Here is the scenario,

My input html table,

<table>
    <thead>
        <tr>
            <td rowspan="3">Date</td>
            <td colspan="5">Customer Price Index</td>
            <td rowspan="3"> private consumption chain price </td>
            <td colspan="2"> Other consumer price mesure </td>
        </tr>
        <tr>
            <td rowspan="2"> All groups </td>
            <td rowspan="2"> Excluding volatile items </td>
            <td colspan="3">Market prices excluding volatile items</td>
            <td colspan="2"> Based on seasonally adjusted quntity price changers </td>
        </tr>
        <tr>
            <td>Goods</td>
            <td>Services</td>
            <td>Total</td>
            <td> weihgted median </td>
            <td>Trimmed mean</td>
        </tr>
    </thead>
    <tbody>
        <tr>
            <td>2003/04</td>
            <td colspan="8">content</td>
        </tr>
        <tr>
            <td>Dec</td>
            <td>2.4</td>
            <td>2.4</td>
            <td>1.6</td>
            <td>2.2</td>
            <td>1.8</td>
            <td>1.0</td>
            <td>2.0</td>
            <td>2.5</td>
        </tr>
    </tbody>
</table>

desired xml output ,

  <table>
        <thead>
            <row>
                <data namest="1" morerows="2">
                    <p>Date</p>
                </data>
                <data namest="2" nameend="6">
                    <p>Consumer price index</p>
                </data>
                <data namest="7" morerows="2">
                    <p>Private consumption chain price index</p>
                </data>
                <data namest="8" nameend="9">
                    <p>Other consumer price mesure</p>
                </data>
            </row>
            <row>
                <data namest="2" morerows="1">
                    <p>All groups</p>
                </data>
                <data namest="3" morerows="1">
                    <p>Excluding volatile items</p>
                </data>
                <data namest="4" nameend="6">
                    <p>Market prices excluding volatile items</p>
                </data>
                <data namest="8" nameend="9">
                    <p>Based on seasonally adjusted quntity price changers</p>
                </data>
            </row>
            <row>
                <data namest="4">
                    <p>Goods</p>
                </data>
                <data namest="5">
                    <p>Services</p>
                </data>
                <data namest="6">
                    <p>Total</p>
                </data>
                <data namest="8">
                    <p>Weighted median</p>
                </data>
                <data namest="9">
                    <p>Trimmed mean</p>
                </data>
            </row>
        </thead>
        <tbody>
            <row>
                <data namest="1">
                    <p>2003/04</p>
                </data>
                <data namest="2" nameend="9">
                    <p>content</p>
                </data>
            </row>
            <row>
                <data namest="1">
                    <p>Dec</p>
                </data>
                <data namest="2">
                    <p>2.4</p>
                </data>
                <data namest="3">
                    <p>2.4</p>
                </data>
                <data namest="4">
                    <p>1.6</p>
                </data>
                <data namest="5">
                    <p>2.2</p>
                </data>
                <data namest="6">
                    <p>1.8</p>
                </data>
                <data namest="7">
                    <p>1.0</p>
                </data>
                <data namest="8">
                    <p>2.8</p>
                </data>
                <data namest="9">
                    <p>2.5</p>
                </data>
            </row>
        </tbody>
</table>

As you can see vertical cell merging represent as rowspan attr and horizontal merging represent as colspan attr in the input html.
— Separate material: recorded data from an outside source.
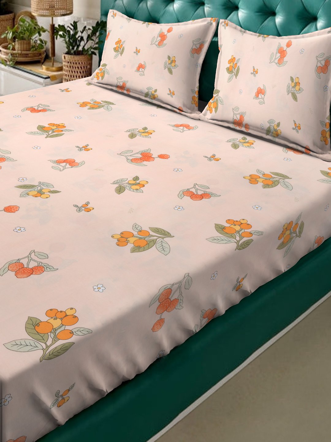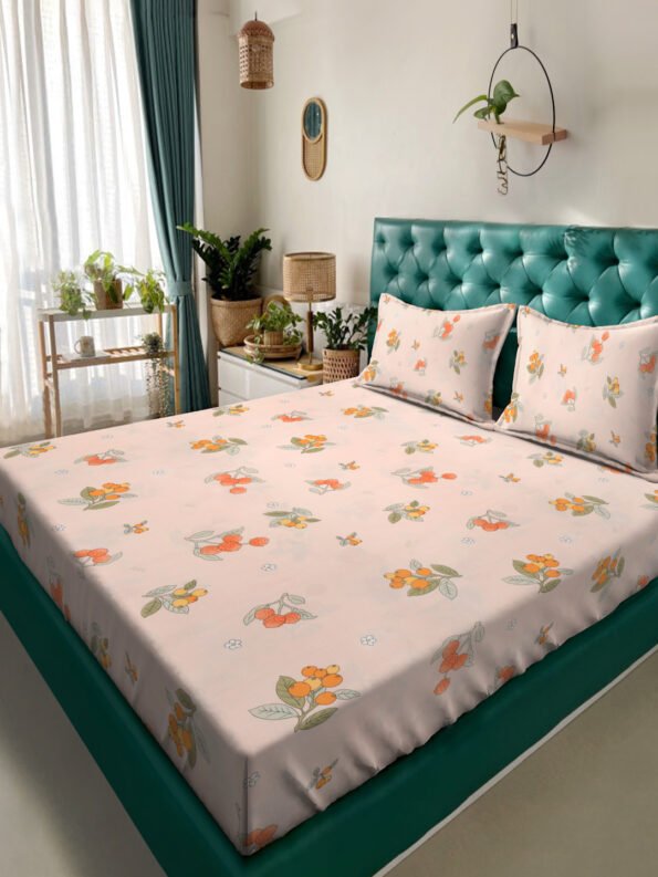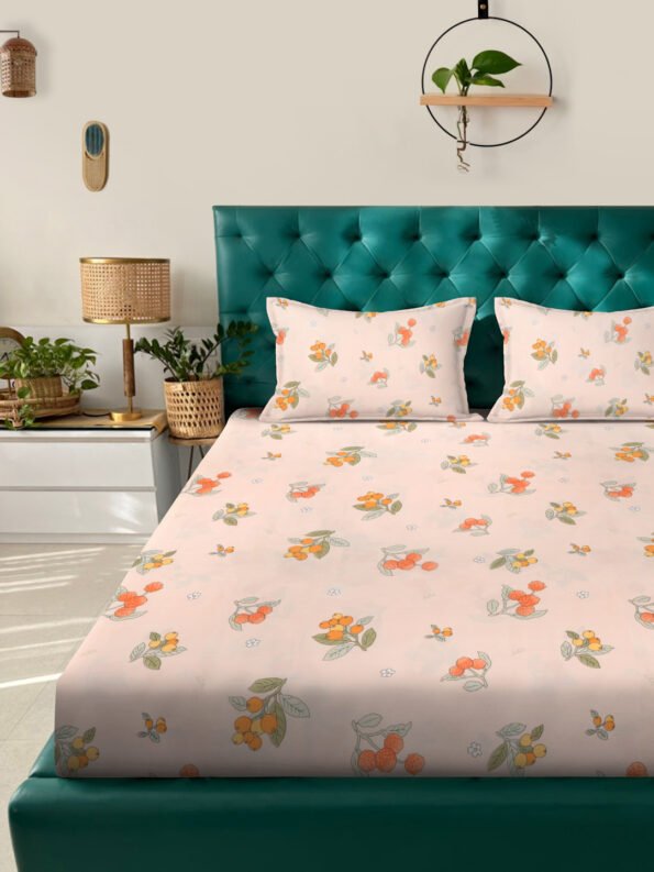 Fusion Collection Floral Dark-Pink-orange Queen Bedsheets
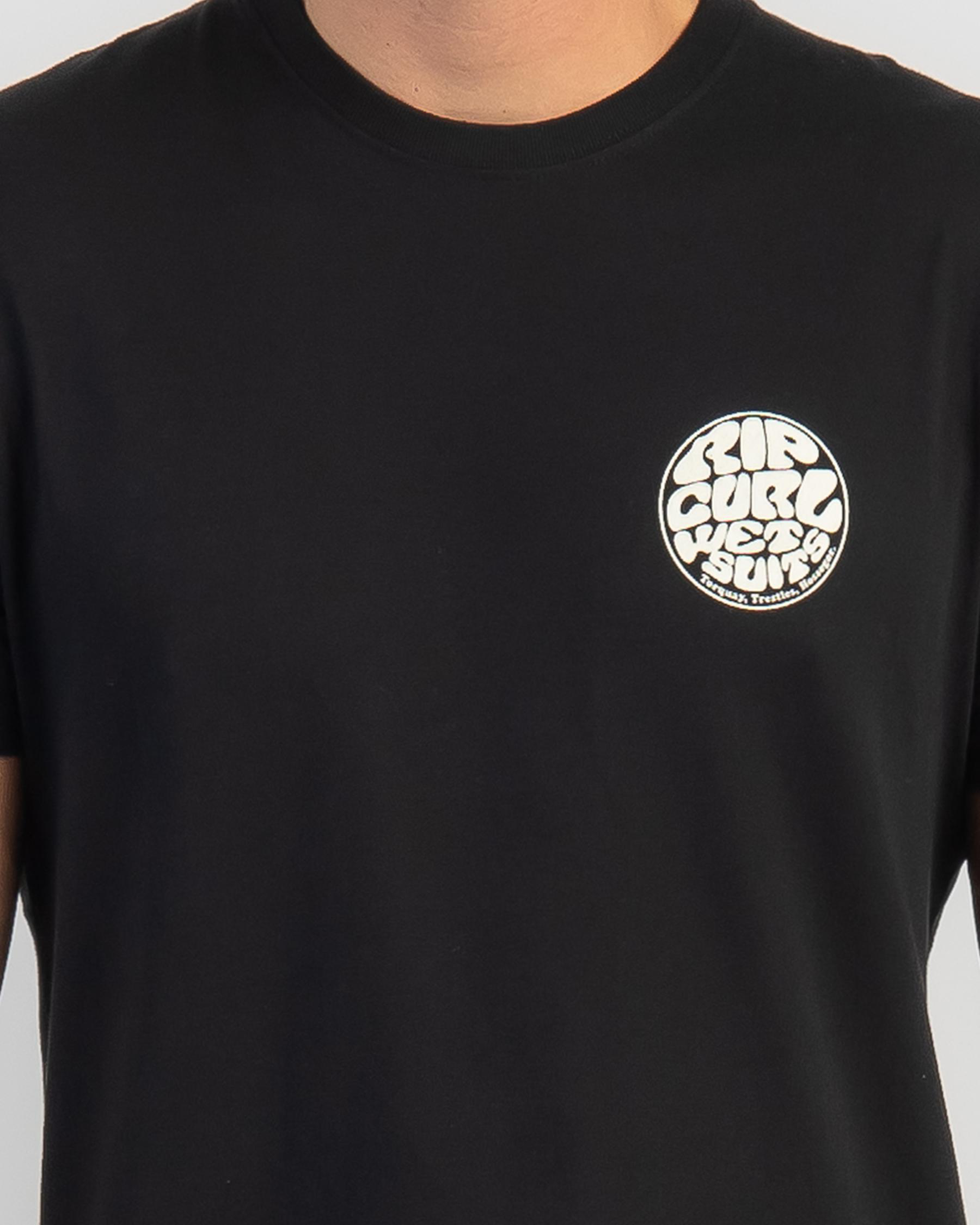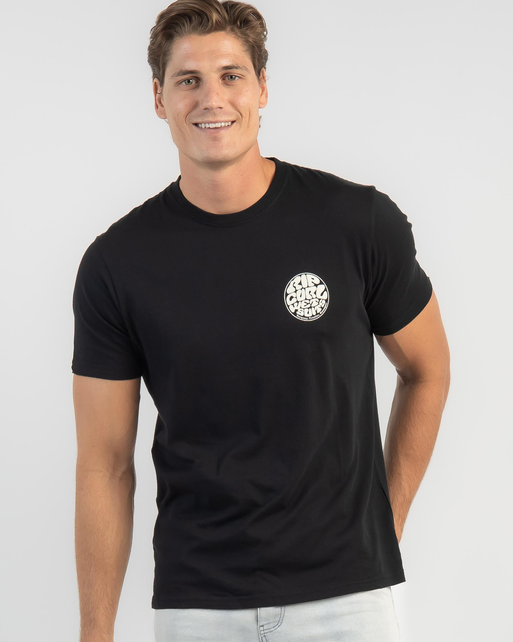 The Rip Curl Wetsuit Icon T-Shirt in black offers a sleek and versatile look for any occasion. Stylish and comfortable.
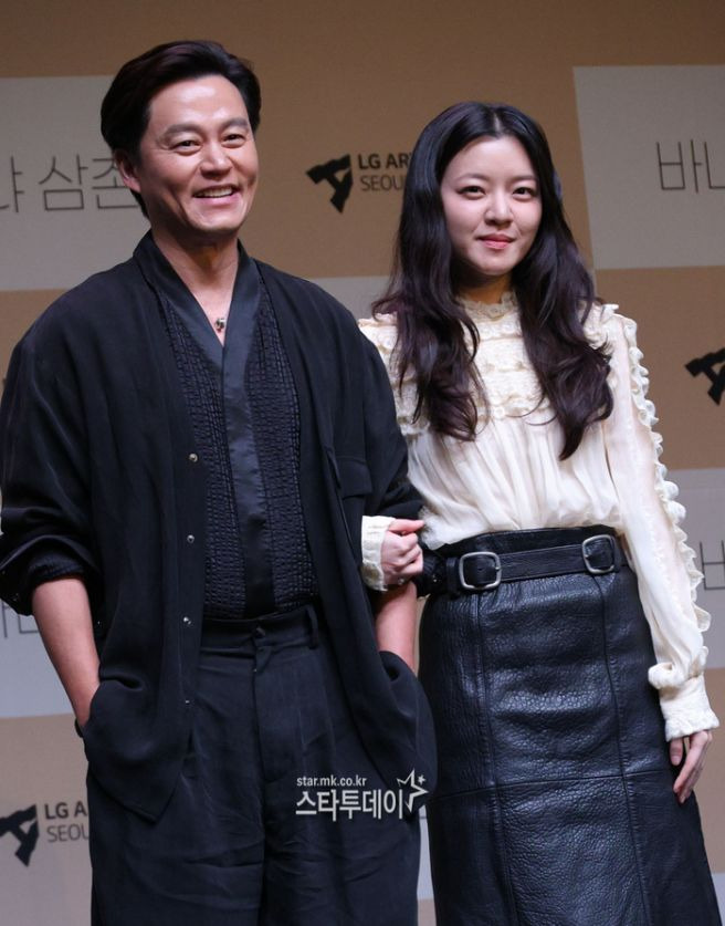 이번 작품에는 배우 고아성이 함께 출연해 소냐 역을 맡았다. 두 사람은 실제로도 나이 차가 있는 관계로 극 중 설정과 자연스럽게 맞아떨어지는 호흡을 보여주고 있다. 방송 출연을 통해 연극 준비 과정과 무대에 대한 부담, 그리고 새로운 도전에 대한 설렘을 솔직하게 전했다.
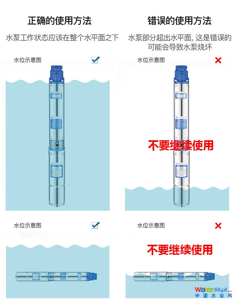 五、水泵的一、二級葉輪應(yīng)浸入水位1m以下。運轉(zhuǎn)中應(yīng)經(jīng)常觀察井中水位的變化情況。
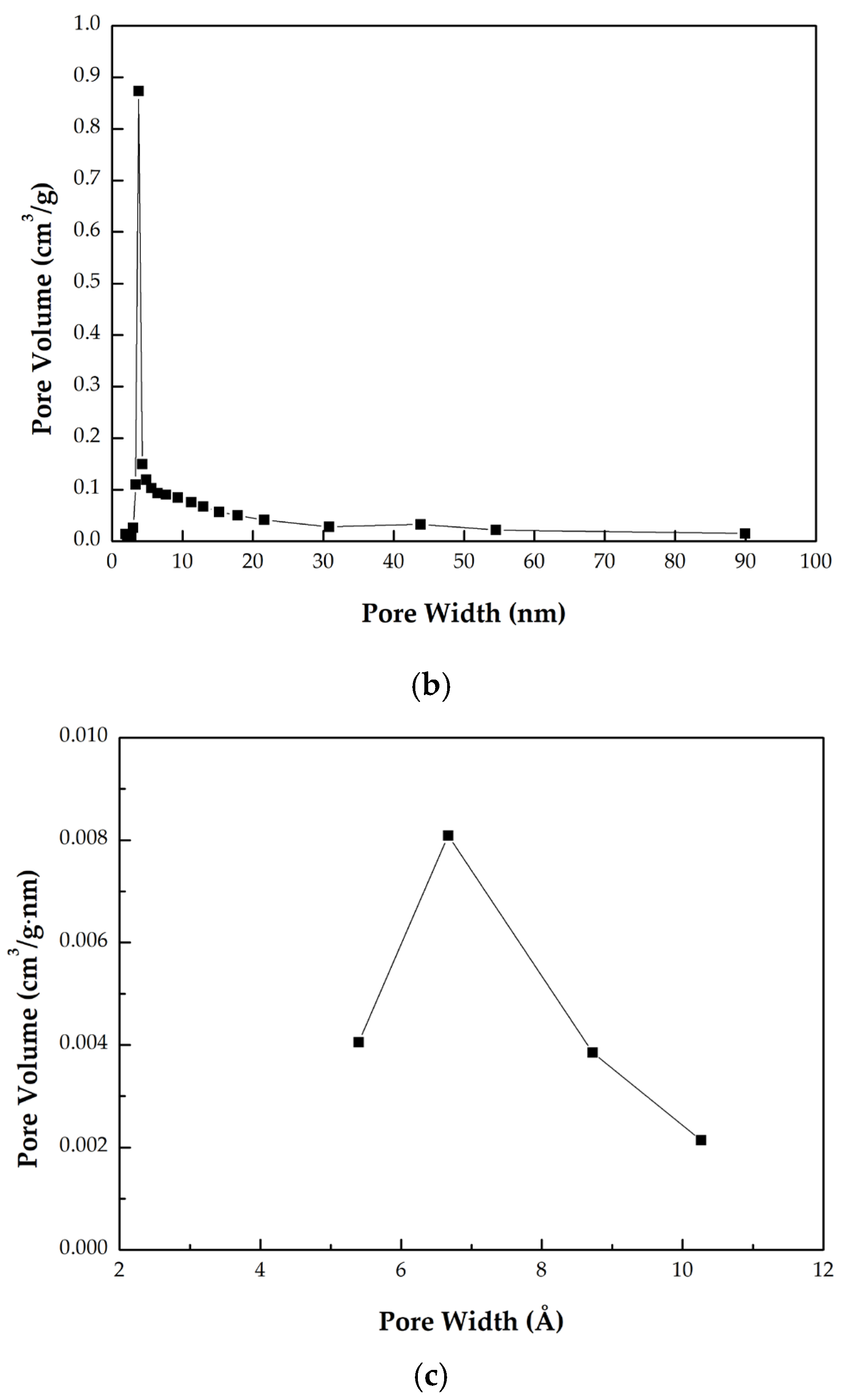 - The pore size distributions derived from the BJH and HK methods are presented in Figure 4 and Figure 5, respectively. As shown in Figure 4, a pronounced peak was observed at approximately 3.8 nm, indicating the presence of mesopores within the 2–50 nm range in the optimal biochar [28]. Additionally, significant microporosity within the 0.6–0.8 nm range was observed in Figure 5, consistent with the values reported in Table 2 and the isotherm profile in Figure 3.
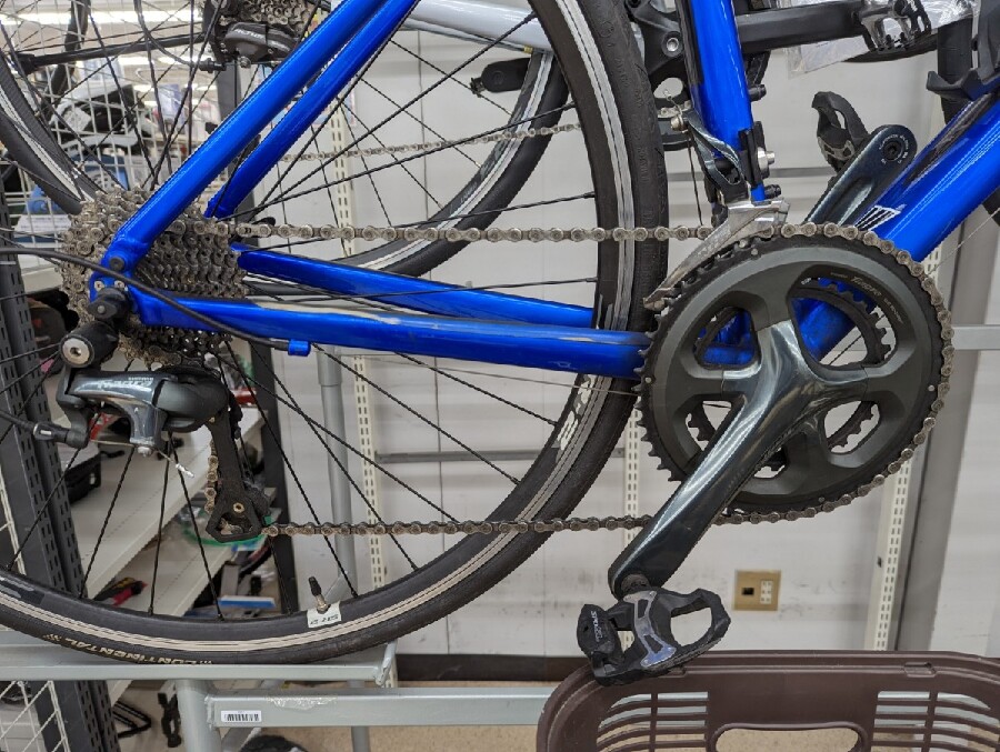 コンポーネントは10速のティアグラ。本格的なレース用ロードとしてはややもの足りませんが、チェーンも太くトラブルの少ないモデルです。

and in expected output namest attr represent the cell starting column number and morerows attr represent how many number of cell merge down (vertical) and nameend attr represent last cell column number (horizontal merge).

This scenario can be solved by another languages using data structures (two dimensional arrays) but I'm struggling to find a effective method to do this task using XSLT.

I wrote following xsl to do this task, and it works for the first row but for the other rows this method is too complicated.

 <xsl:template match="td[parent::tr[not(preceding::tr)]]">

        <xsl:variable name="pre_rowspan" select="number(format-number(count(preceding-sibling::td[@rowspan])+1, '#0', 'myformat'))"/>
        <xsl:variable name="pre_colspan" select="number(format-number(preceding-sibling::td[@colspan]/@colspan, '#0', 'myformat'))"/>
        <xsl:variable name="numberof_pre_rowspan" select="number(format-number(count(preceding-sibling::td[@rowspan])+1, '#0', 'myformat'))"/>

        <data>
            <xsl:attribute name="namest" select="number($pre_rowspan + $pre_colspan)"/>
            <xsl:if test="@rowspan">
                <xsl:attribute name="morerows" select="number(@rowspan)-1"/>
            </xsl:if>
            <xsl:if test="@colspan">
                <xsl:attribute name="nameend" select="number(@colspan)+number(format-number(count(preceding-sibling::td[@rowspan]), '#0', 'myformat'))+number(format-number(number(preceding-sibling::td[@colspan]/@colspan), '#0', 'myformat'))"/>
            </xsl:if>
            <xsl:if test="@rowspan and @colspan">
                <xsl:attribute name="nameend" select="$pre_rowspan"/>
            </xsl:if>

            <p>
                <xsl:apply-templates/>
            </p>

        </data>
    </xsl:template>

SO, Can anyone suggest me a method how can I do this task using xslt. (using data structure or any other method)

1 Answer 1

1

Yes, it's quite a tough one, and I'm only going to sketch an approach.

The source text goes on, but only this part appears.